# Problem to work on
Take from the entries below the stretch from the line with "Young women laughing, grey background" through the line with "点击 TGXaccount 平台右上角的查单(未注册的无法查看)", and return it exactly, leaving the pictures out.

# Data records
########################################
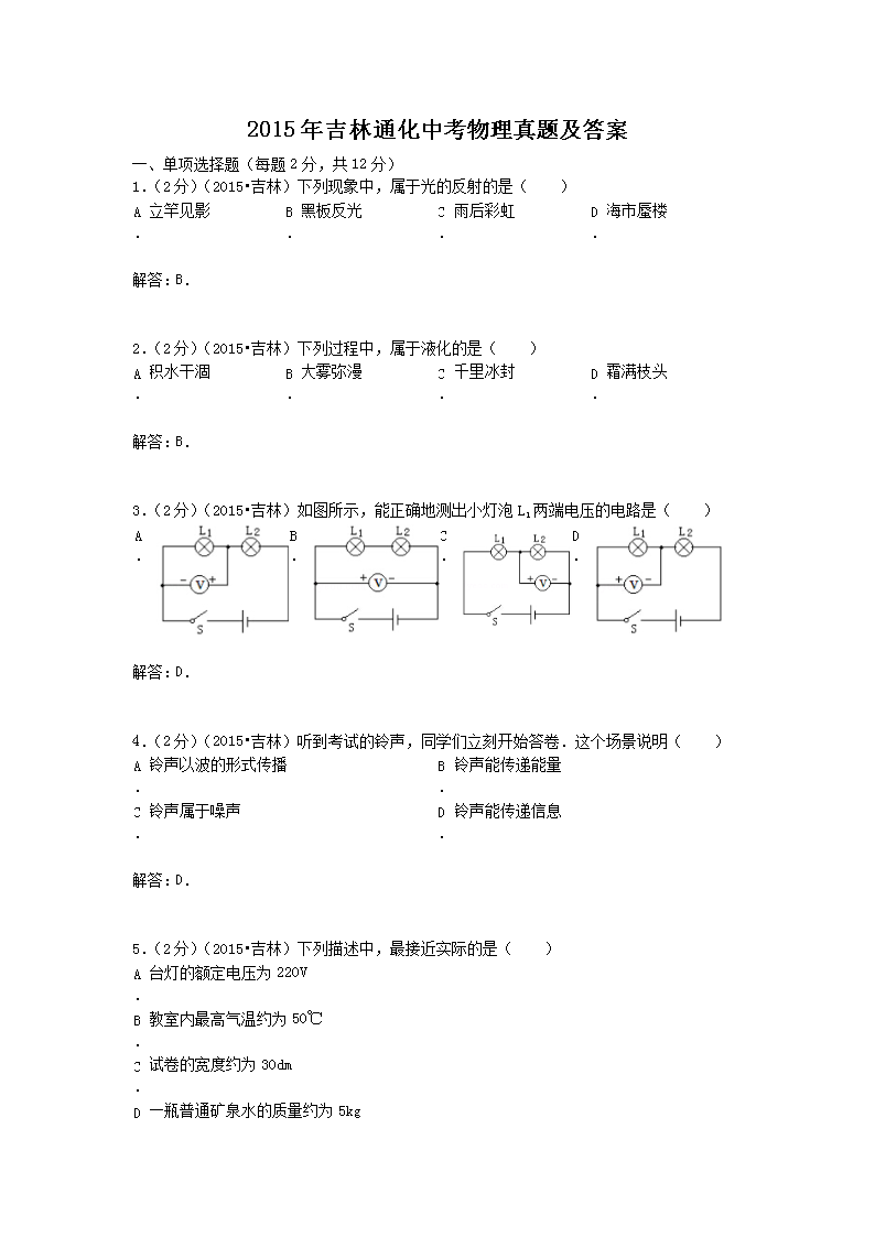 【文档预览】 无忧考网整理发布2015年吉林通化中考物理真题及答案(Word版),前五页预览如下:
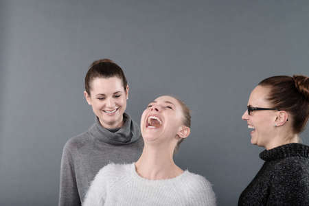 Young women laughing, grey background
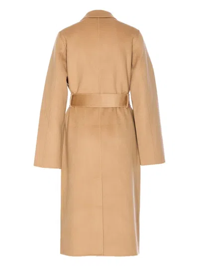 beige wool fabric double-breasted closure self-tie belt side pockets back centre-vent
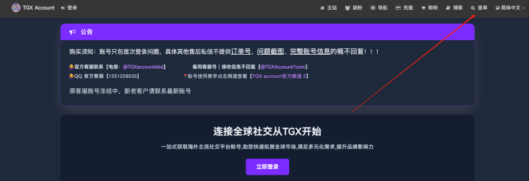 点击 TGXaccount 平台右上角的查单(未注册的无法查看)
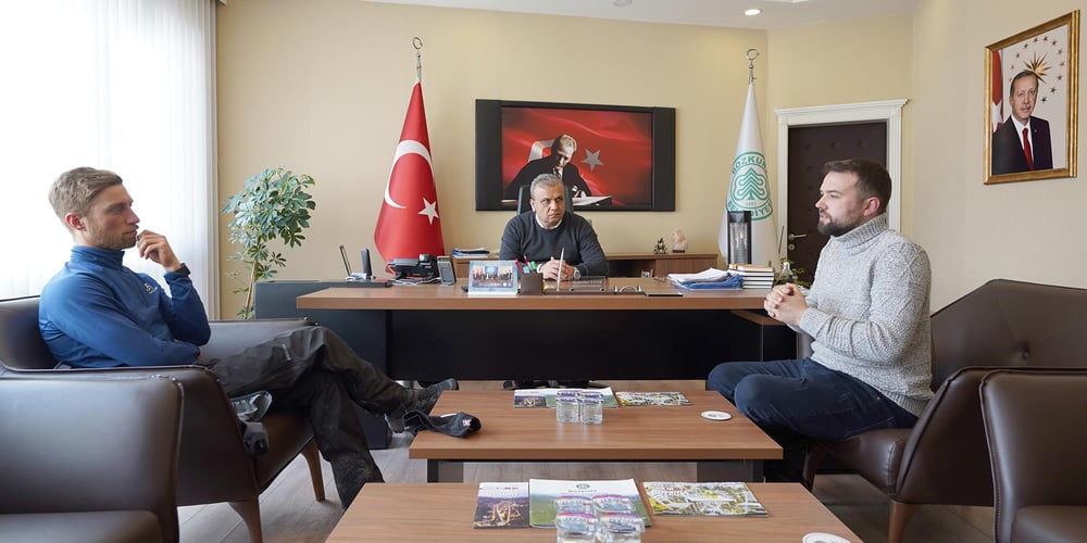 Dort empfängt uns der AKP-Bürgermeister, von dem wir wissen wollen, wer an der Flutkatastrophe schuld war und ob man sie nicht hätte verhindern können. Hinter uns läuft der Fernseher. An der Wand hängt ein Portrait von Recep Tayyip Erdoğan. Für die Übersetzung ist ein Lehrer der lokalen Grundschule zu uns gestossen. Während des Gesprächs macht ein Fotograf Bilder – offenbar soll der Besuch der «Fahrradjournalisten aus der Schweiz» festgehalten werden. Nach vielen nichtssagenden Antworten will uns der Bürgermeister zum Abschied ein Geschenk überreichen und mit uns ein Selfie machen. Das Geschenk können wir höflich ablehnen – in unseren Fahrradtaschen hat es keinen Platz. Das Selfie lassen wir über uns ergehen.
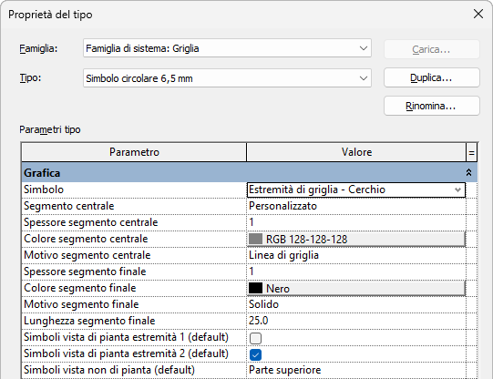 - Nascondere il segmento centrale delle linee di griglia per creare uno spazio, visualizzando così solo i segmenti finali nelle viste. È possibile modificare il tipo di griglia con simbolo circolare e spazio oppure creare un tipo personalizzato.
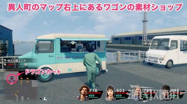 前往【伊势佐木异人町】右上角【滨北公园区域】,在【神龙赛车】右侧的蓝色货车商店可以购买大部分的素材。
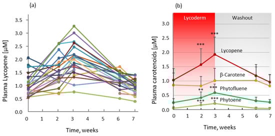 The results of the above experiments suggest beneficial effects of phytonutrient combinations for the skin. However, these results were obtained in in vitro experiments; thus, there was a need to prove these effects in a human setting. To assure that such clinical experiments are feasible, the human bioavailability of carotenoids found in TNC for skin (LycodermTM) was analyzed. Twenty-three volunteers (aged 24 to 33, 10 men and 13 women) were recruited for the study, conducted as described in the Materials and Methods section. They consumed two capsules of LycodermTM per day at two fat-containing meals. The amounts consumed per day of the main phytonutrients in the complex were 15 mg lycopene, 5.9 mg phytoene plus phytofluene, 0.9 mg β-carotene, and 4 mg carnosic acid (as rosemary extract). Blood withdrawal was done after a 12-h fast at time zero and at two and three weeks after beginning supplementation. The participants tolerated the supplement well, and no adverse effects were recorded. There was substantial between-subjects variability in the baseline concentrations of the studied phytonutrients (lycopene, phytoene, phytofluene, and β-carotene), and in the time course and maximal value of their concentrations following multiple oral administration of the supplement (shown for lycopene in Figure 5a; the numerical values of individual concentrations of all tested carotenoids are found in Tables S1–S4 in the Supplementary Materials). The baseline levels for lycopene ranged from 0.5 to 2.0 µM, and its maximal levels ranged from 0.6 to 3.2 µM. A statistically significant and linear increase in the average plasma lycopene, phytoene, and phytofluene was observed after two and three weeks of supplementation (Figure 5b), which for lycopene reached a maximal level of 1.9 ± 0.6 µM. Although the amount of β-carotene in the supplement was only 0.9 mg per day, a small but statistically-significant increase was evident at week three. Steady-state concentrations were still not attained after two weeks of treatment, and it is not clear if they were attained after three weeks. However, from similar experiments (Sharoni, Y., unpublished), we know that steady-state levels are usually achieved after three weeks or sooner. Carotenoid plasma concentrations were measured again, three and four weeks after the end of supplementation, and they returned to baseline values after four weeks.
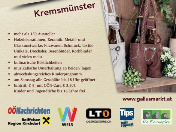 Kremsmünster ist regional bekannt als Marktgemeinde und dies seit bereits seit 1489. Nun soll ein alter Markt zu Ehren des Hl. Gallus wieder aufgelebt lassen werden. Der Hl. Gallus hat am 16. Oktober Namenstag. Und bereits seit 1827 gibt es in Kremsmünster einen Gallusmarkt.
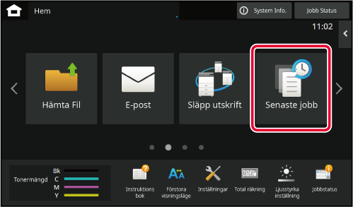 de senaste jobben. Tryck på ett objekt i listan när du vill visa jobbinformation
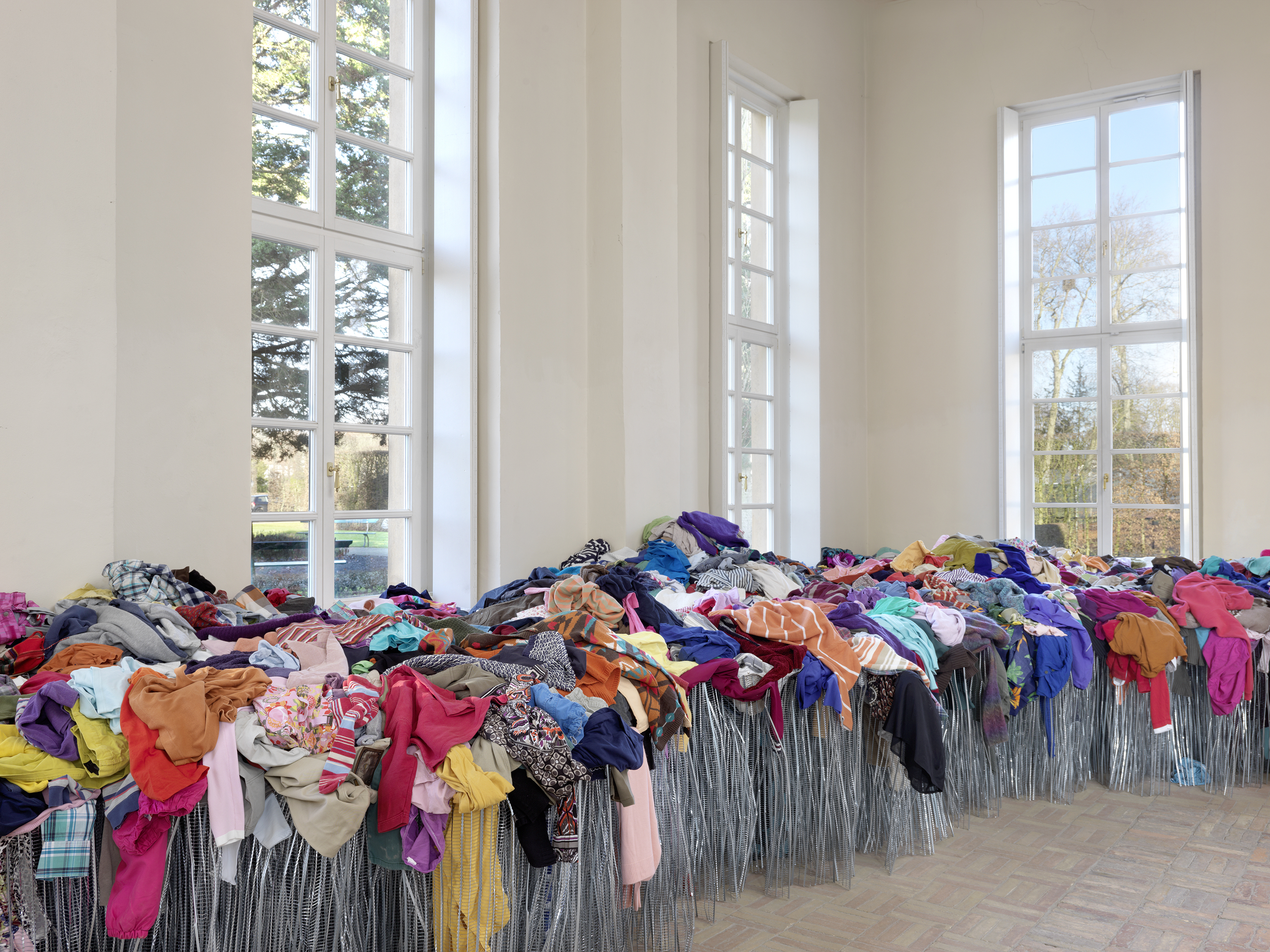 Shady Place II, 2019 Rippenstreckmetall, Kleidungsstücke ca. 145 x 1230 x 900 cm
########################################
# The completed task
 Young women laughing, grey background
 beige wool fabric double-breasted closure self-tie belt side pockets back centre-vent
 点击 TGXaccount 平台右上角的查单(未注册的无法查看)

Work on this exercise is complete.